Shaggy took over the late 90s with his Grammy-winning sophomore album, Boombastic. He followed that up in 2001 with his single, “It Wasn’t Me,” which received a Grammy nomination for Best Pop Collaboration with Vocals.
After almost thirty years of mainstream and pop success, Shaggy hopes the new generation of dancehall and reggae artists will pass on the torch.
“If you look at the history of it, from reggaéton, hip-hop and Afrobeat, — all of that came from dancehall,” Shaggy tells Billboard. Justin Bieber, Rihanna, Drake, all these people are tapping into it. What about us? It’s a wide-open field now, so you don’t have the gatekeepers I used to have in my time. There’s no reason you’re not taking the reins. It just takes work. And a lot of people don’t want to do put that work in.”

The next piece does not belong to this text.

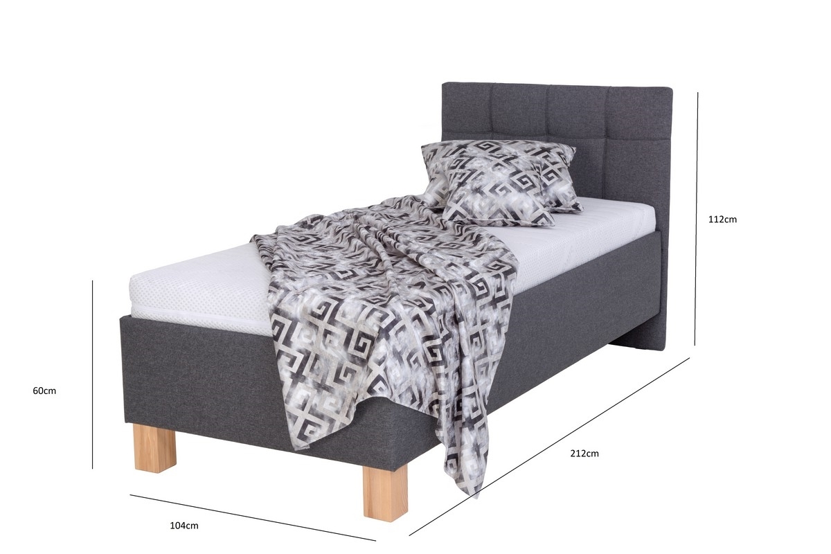 • Lit tapissé MARIA ONE 90x200 cm avec matelas et coffre de rangement, anthracite

Back in the day, says Shaggy, “I had to make records 10 times better and work 10 times harder than the average artist, because it was just not a level playing field.”
“We came in as the underdogs,” Shaggy goes on. “We were from this little island with music that people don’t understand. There’s no program director at a radio station who is going to be like, ‘Let’s play the reggae record.”
“So that’s why the samples were so important because they had the elements of that crossover thing to make them say, ‘Okay, maybe it could work because they sampled Juice Newton,” Shaggy adds, referencing his other 2001 classic, “Angel,” which interpolates Newton’s 1981 cover of “Angel of the Morning.”